I also once tried using a library that gave me the solar longitude and implementing a search routine to zero in on the exact moments of 0, 90, 180, and 270 degrees; this worked down to the second but did not agree with the times in Wikipedia, so I assume there was something wrong with this approach. I am, however, pleasantly surprised to discover that Maimonides (medieval Jewish scholar) proposed an algorithm using the exact same idea a millenium ago.
A great source for the (complex!) underlying formulas and algorithms is Astronomical Algorithms by Jean Meeus.
Using the PyMeeus implementation of those algorithms, and the code below, you can get the following values for the 2018 winter solstice (where "winter" refers to the northern hemisphere).
winter solstice for 2018 in Terrestrial Time is at:
(2018, 12, 21, 22, 23, 52.493725419044495)
winter solstice for 2018 in UTC, if last leap second was (2016, 12):
(2018, 12, 21, 22, 22, 43.30972542127711)
winter solstice for 2018 in local time, if last leap second was (2016, 12)
and local time offset is -7.00 hours:
(2018, 12, 21, 15, 22, 43.30973883232218)
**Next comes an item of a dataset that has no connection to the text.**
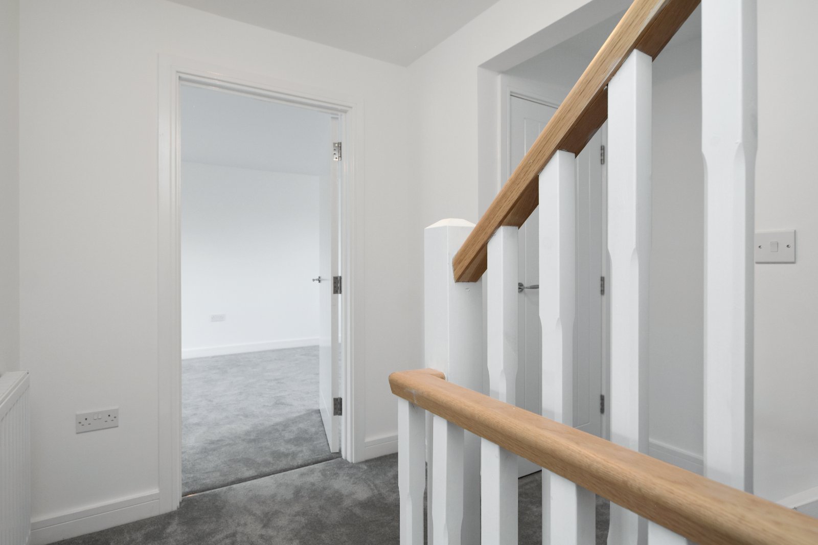 Finished with plush grey carpeting, a smooth plastered ceiling inset with access to eaves/loft space. White-painted spindle balustrade with natural wood handrail providing access via a vertical panelled doors to the top three bedrooms.

i.e. 2018-12-21T15:22:43.309725-07:00
Of course, the answer is not accurate down to microseconds, but I also wanted to show how to do high-precision conversions with arrow.
Code:
from pymeeus.Sun import Sun
from pymeeus.Epoch import Epoch
year = 2018 # datetime.datetime.now().year
target="winter"
# Get terrestrial time of given solstice for given year
solstice_epoch = Sun.get_equinox_solstice(year, target=target)
print("%s solstice for %d in Terrestrial Time is at:\n %s" %
(target, year, solstice_epoch.get_full_date()))
print("%s solstice for %d in UTC, if last leap second was %s:\n %s" %
(target, year, Epoch.get_last_leap_second()[:2], solstice_epoch.get_full_date(utc=True)))
solstice_local = (solstice_epoch + Epoch.utc2local()/(24*60*60))
print("%s solstice for %d in local time, if last leap second was %s\n"
" and local time offset is %.2f hours:\n %s" %
(target, year, Epoch.get_last_leap_second()[:2],
Epoch.utc2local() / 3600., solstice_local.get_full_date(utc=True)))
Using the very cool more ISO and TZ aware module Arrow: better dates and times for Python, that can be printed more nicely:
import arrow
import math
slutc = solstice_epoch.get_full_date(utc=True)
frac, whole = math.modf(slutc[5])
print("i.e. %s" % arrow.get(*slutc[:5], int(whole), round(frac * 1e6)).to('local'))
I'm not sure if this is an accurate enough solution for you, but I found a NASA website that has some code snippets for calculating the vernal equinox as well as some other astronomical-type information. I've also found some references to a book called Astronomical Algorithms which may have the answers you need if the info somehow isn't available online.
I know you're looking for something that'll paste into an answer here, but I have to mention SPICE, a toolkit produced by NAIF at JPL, funded by NASA. It might be overkill for Farmer's Almanac stuff, but you mentioned interest in precision and this toolkit is routinely used in planetary science.
I have implemented Jean Meeus' (the author of the Astronomical Algorithms referenced above) equinox and solstice algorithm in C and Java, if you're interested.